▸ **WHAT THE TASK ASKS**
Copy each line below word for word and drop every image.

--- DATA PROVIDED ---

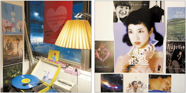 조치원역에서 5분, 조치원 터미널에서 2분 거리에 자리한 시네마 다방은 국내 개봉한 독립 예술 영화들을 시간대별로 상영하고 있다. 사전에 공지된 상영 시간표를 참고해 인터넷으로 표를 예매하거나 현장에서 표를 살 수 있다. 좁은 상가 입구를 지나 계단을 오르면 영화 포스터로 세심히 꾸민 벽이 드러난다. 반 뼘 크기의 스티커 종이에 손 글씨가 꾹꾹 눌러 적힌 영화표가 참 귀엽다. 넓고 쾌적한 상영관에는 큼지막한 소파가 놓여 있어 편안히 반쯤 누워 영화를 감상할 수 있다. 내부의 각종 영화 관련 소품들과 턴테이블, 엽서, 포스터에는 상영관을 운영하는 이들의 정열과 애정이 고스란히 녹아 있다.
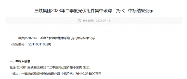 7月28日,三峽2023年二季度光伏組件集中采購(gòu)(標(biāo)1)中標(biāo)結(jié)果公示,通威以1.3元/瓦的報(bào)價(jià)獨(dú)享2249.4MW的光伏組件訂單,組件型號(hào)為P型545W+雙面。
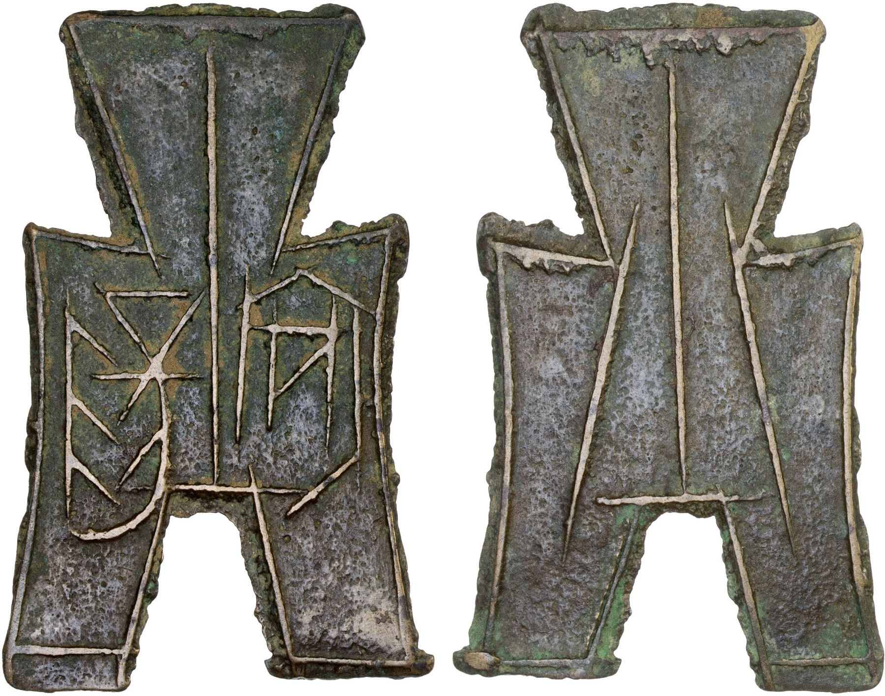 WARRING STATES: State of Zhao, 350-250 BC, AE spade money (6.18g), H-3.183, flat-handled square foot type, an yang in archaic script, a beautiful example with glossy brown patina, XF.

---

▸ **ANSWER FOR THIS EXERCISE**
 조치원역에서 5분, 조치원 터미널에서 2분 거리에 자리한 시네마 다방은 국내 개봉한 독립 예술 영화들을 시간대별로 상영하고 있다. 사전에 공지된 상영 시간표를 참고해 인터넷으로 표를 예매하거나 현장에서 표를 살 수 있다. 좁은 상가 입구를 지나 계단을 오르면 영화 포스터로 세심히 꾸민 벽이 드러난다. 반 뼘 크기의 스티커 종이에 손 글씨가 꾹꾹 눌러 적힌 영화표가 참 귀엽다. 넓고 쾌적한 상영관에는 큼지막한 소파가 놓여 있어 편안히 반쯤 누워 영화를 감상할 수 있다. 내부의 각종 영화 관련 소품들과 턴테이블, 엽서, 포스터에는 상영관을 운영하는 이들의 정열과 애정이 고스란히 녹아 있다.
 7月28日,三峽2023年二季度光伏組件集中采購(gòu)(標(biāo)1)中標(biāo)結(jié)果公示,通威以1.3元/瓦的報(bào)價(jià)獨(dú)享2249.4MW的光伏組件訂單,組件型號(hào)為P型545W+雙面。
 WARRING STATES: State of Zhao, 350-250 BC, AE spade money (6.18g), H-3.183, flat-handled square foot type, an yang in archaic script, a beautiful example with glossy brown patina, XF.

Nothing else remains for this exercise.